I cannot track my works' sales as that goes through my publisher, but I can, if I desire, pay attention to Amazon rankings or B&N rankings. At book signings, I often have folks say they'll look at getting it on Kindle or Nook. I can safely say that only a small % that take a book mark or business card, saying they intend to look into it, actually purchase a copy. Maybe they looked at the sample and weren't impressed. Maybe they intended to, but don't really have the money. Maybe they said it just to be nice to me. Maybe they thought my books would be 99 cents instead of $2.99? There are so many maybe's that it's impossible to say.

Flank Hawk was released late in 2009. My sisters finally got around to reading it this summer, and complemented me on it, and promptly got a copy of the sequel (or so they said). One sister said basically I should've been more insistent in reminding her to read Flank Hawk, etc. I felt they knew it was out there, and it was their choice. One can turn off family and friends, I believe, by pushing one's works too hard.

If someone said they got your book but didn't, just let it go.
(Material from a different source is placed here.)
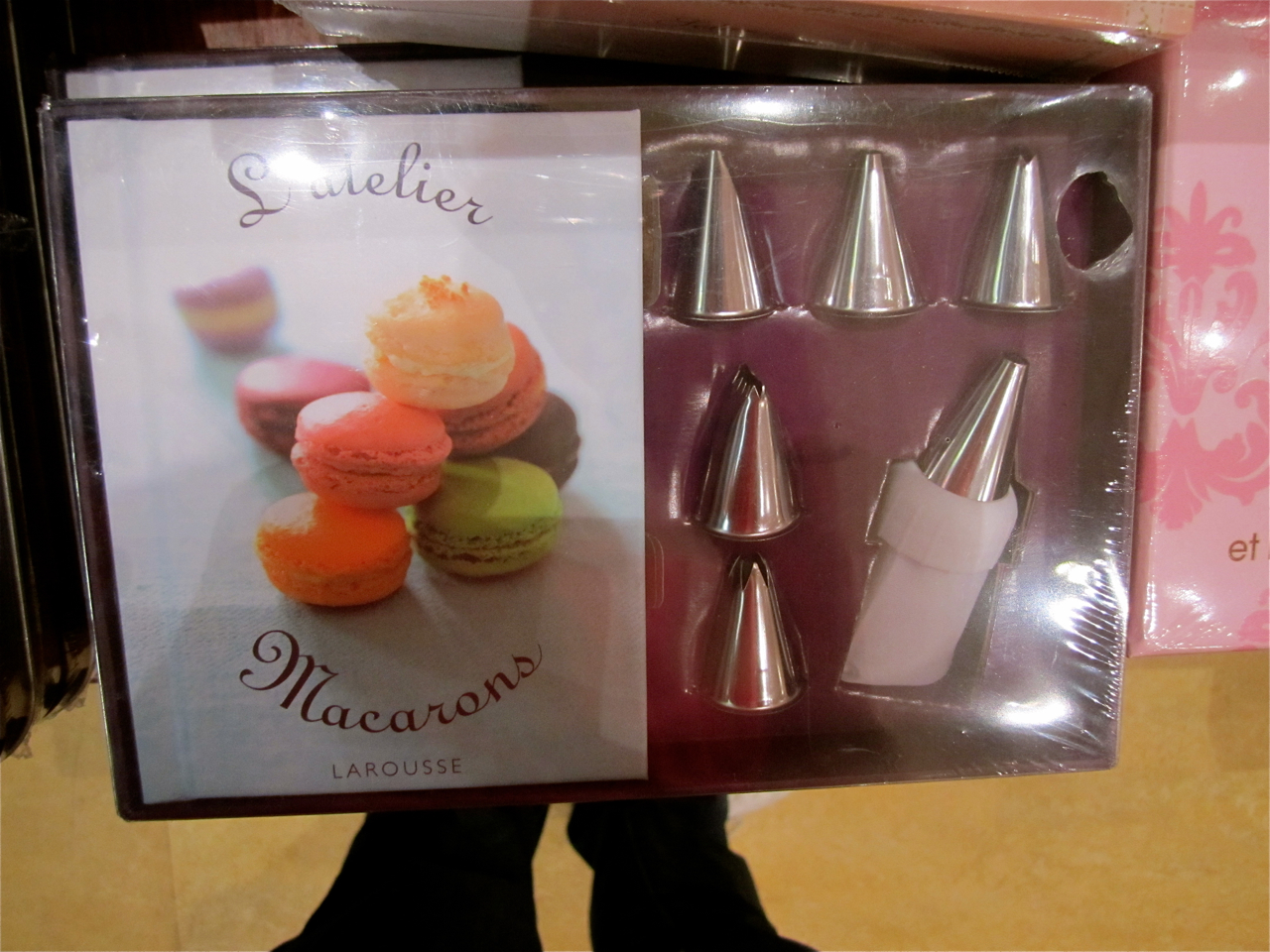 The macaron craze, as I said before, is in full force with crappy recipes filling every window. I have stopped trying them already as they are all really, really bad. I will now only eat Pierre Hermé as his are the only ones that I find comparable to my own and worth the hefty price. In the bookstore there were a handful of books on the subject and I flipped through them and will probably go back and buy a few just for inspirational ideas–not for the recipes, because surely they are of poor quality. This kit was particularly intriguing to me because of the quantity of pastry tips. I have made a lot of macarons in my life, hundreds maybe thousands, and I have used exactly two simple circle tips. I don’t know what they could possibly use the others for. The macarons on the cover don’t even look that good, it’s like they aren’t even trying.

What is there to gain from pushing the issue? Maybe they read the sample and didn't like it and don't want to tell you? Maybe they still intend to get it some day. Maybe they thought it was a free download and not $7.00 when they told you they'd get a copy. Maybe they never intended to, but wanted you to think better of them for getting a copy--or believing they did? Who knows, but the minor satisfaction gained in the short term by forcing the issue, what benefit will that have in the long run?

The goal is to get readers outside the circle of family and friends--out to those you've never really had much if any contact with--normally a result of word of mouth (sometimes online activity or even advertising, but word of mouth is best). That dishonest individual (that lied,) if confronted,  what are the odds they'll have nice things to say even if they do obtain a copy, and if they do read it? Better to focus efforts and energy elsewhere.

Disappointing, to be certain. Part of being a writer.


----------



## Black Dragon (Sep 13, 2012)

Is it possible that this individual isn't lying?

Very often family members in the same household share one e-reader account.  If my wife is buying an ebook, for example, she always does so with the family account that is under my name.

Could that be what happened here?


----------



## Zero Angel (Sep 13, 2012)

Black Dragon said:


> Is it possible that this individual isn't lying?
> 
> Very often family members in the same household share one e-reader account.  If my wife is buying an ebook, for example, she always does so with the family account that is under my name.
> 
> Could that be what happened here?



It is not possible, but thanks for thinking of that possibility. I hadn't considered it previously. 

It's to the point now where I don't even react when people say they bought my book =P unless they actually want to talk about it, I just say "thank you" and move on.


----------